**Exercise directions**
Leaving out every image, restate all the records word for word.

**Data for processing**
....................

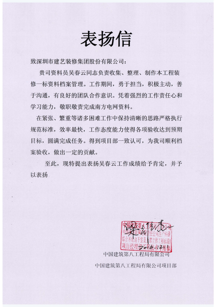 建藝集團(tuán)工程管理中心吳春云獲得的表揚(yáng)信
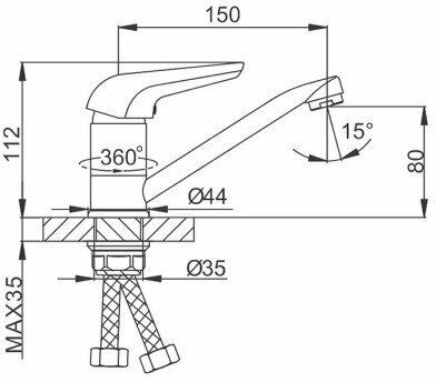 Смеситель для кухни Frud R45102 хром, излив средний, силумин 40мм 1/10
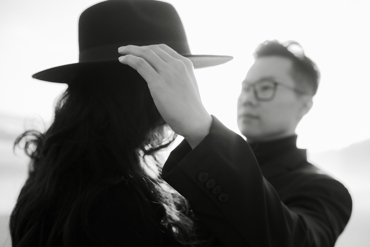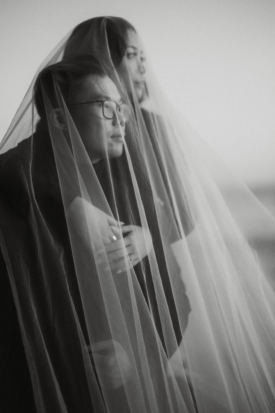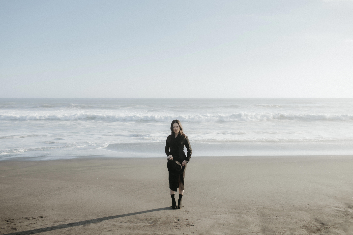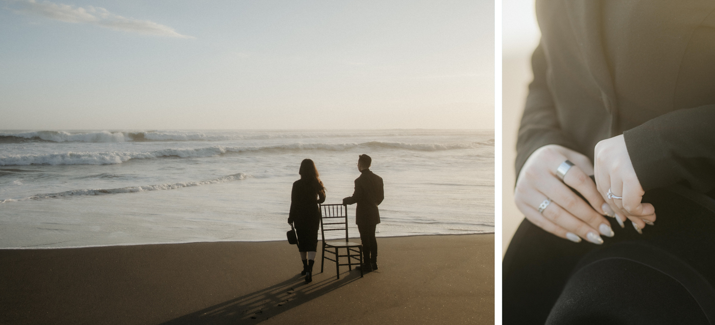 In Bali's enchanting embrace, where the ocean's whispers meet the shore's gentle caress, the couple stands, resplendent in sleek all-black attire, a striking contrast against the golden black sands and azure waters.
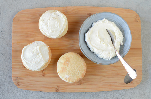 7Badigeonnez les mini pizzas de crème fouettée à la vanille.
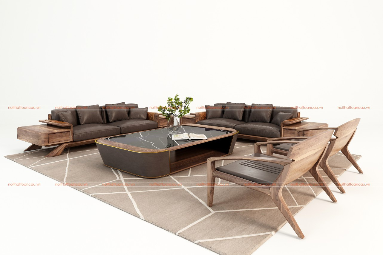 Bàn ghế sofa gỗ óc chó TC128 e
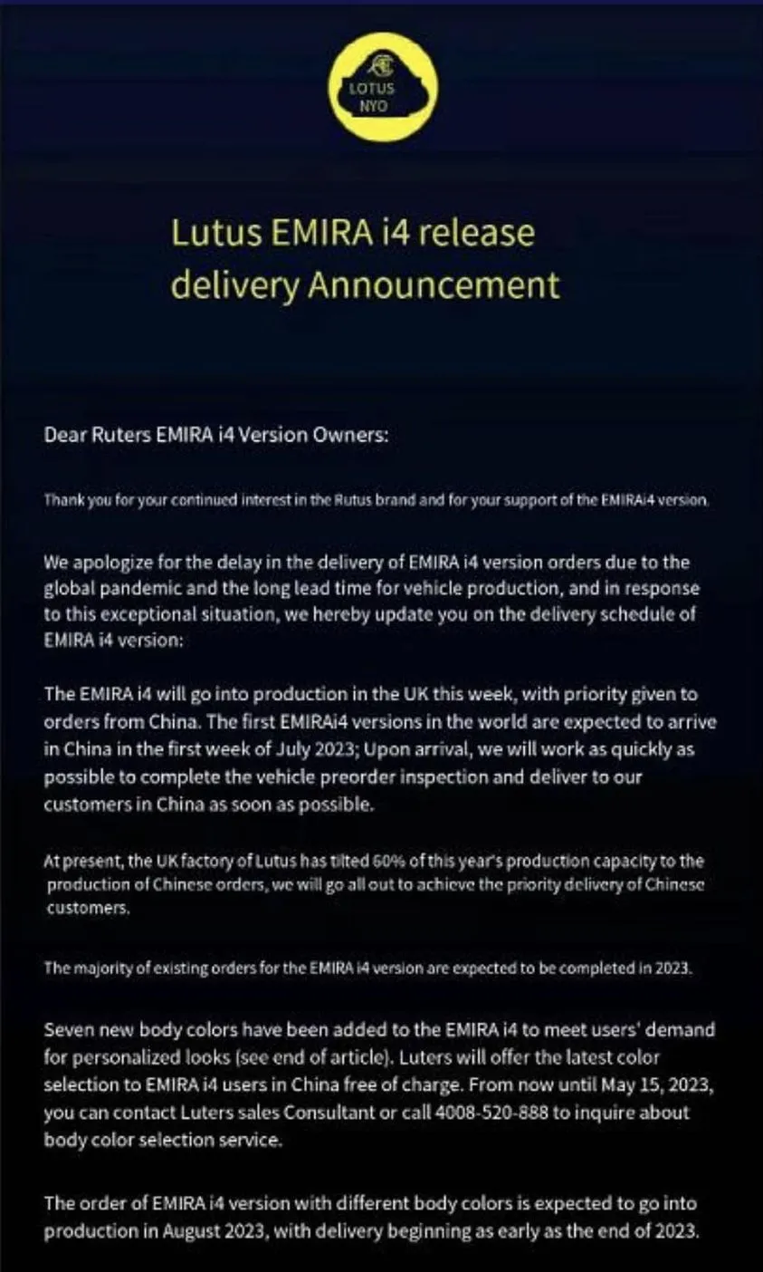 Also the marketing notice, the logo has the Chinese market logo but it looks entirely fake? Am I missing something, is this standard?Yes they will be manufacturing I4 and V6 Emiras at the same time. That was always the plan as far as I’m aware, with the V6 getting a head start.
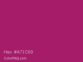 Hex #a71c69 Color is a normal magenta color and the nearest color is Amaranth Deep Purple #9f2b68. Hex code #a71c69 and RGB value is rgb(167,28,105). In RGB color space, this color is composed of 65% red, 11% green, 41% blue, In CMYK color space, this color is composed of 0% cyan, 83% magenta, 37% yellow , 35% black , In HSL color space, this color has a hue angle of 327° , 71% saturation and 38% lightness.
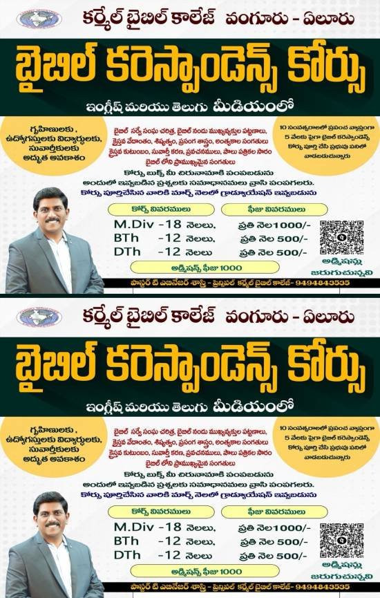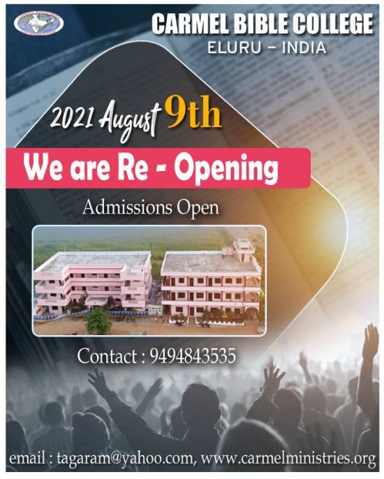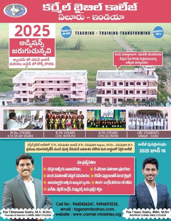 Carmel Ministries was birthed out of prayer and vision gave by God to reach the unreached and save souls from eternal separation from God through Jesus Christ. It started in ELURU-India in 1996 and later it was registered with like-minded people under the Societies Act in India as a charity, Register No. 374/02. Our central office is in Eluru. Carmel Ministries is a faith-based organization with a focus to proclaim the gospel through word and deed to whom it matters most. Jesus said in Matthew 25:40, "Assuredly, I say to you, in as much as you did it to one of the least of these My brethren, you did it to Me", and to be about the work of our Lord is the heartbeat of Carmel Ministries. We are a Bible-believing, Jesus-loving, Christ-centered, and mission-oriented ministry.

....................

**Solution to this task**
 建藝集團(tuán)工程管理中心吳春云獲得的表揚(yáng)信
 Смеситель для кухни Frud R45102 хром, излив средний, силумин 40мм 1/10
 In Bali's enchanting embrace, where the ocean's whispers meet the shore's gentle caress, the couple stands, resplendent in sleek all-black attire, a striking contrast against the golden black sands and azure waters.
 7Badigeonnez les mini pizzas de crème fouettée à la vanille.
 Bàn ghế sofa gỗ óc chó TC128 e
 Also the marketing notice, the logo has the Chinese market logo but it looks entirely fake? Am I missing something, is this standard?Yes they will be manufacturing I4 and V6 Emiras at the same time. That was always the plan as far as I’m aware, with the V6 getting a head start.
 Hex #a71c69 Color is a normal magenta color and the nearest color is Amaranth Deep Purple #9f2b68. Hex code #a71c69 and RGB value is rgb(167,28,105). In RGB color space, this color is composed of 65% red, 11% green, 41% blue, In CMYK color space, this color is composed of 0% cyan, 83% magenta, 37% yellow , 35% black , In HSL color space, this color has a hue angle of 327° , 71% saturation and 38% lightness.
 Carmel Ministries was birthed out of prayer and vision gave by God to reach the unreached and save souls from eternal separation from God through Jesus Christ. It started in ELURU-India in 1996 and later it was registered with like-minded people under the Societies Act in India as a charity, Register No. 374/02. Our central office is in Eluru. Carmel Ministries is a faith-based organization with a focus to proclaim the gospel through word and deed to whom it matters most. Jesus said in Matthew 25:40, "Assuredly, I say to you, in as much as you did it to one of the least of these My brethren, you did it to Me", and to be about the work of our Lord is the heartbeat of Carmel Ministries. We are a Bible-believing, Jesus-loving, Christ-centered, and mission-oriented ministry.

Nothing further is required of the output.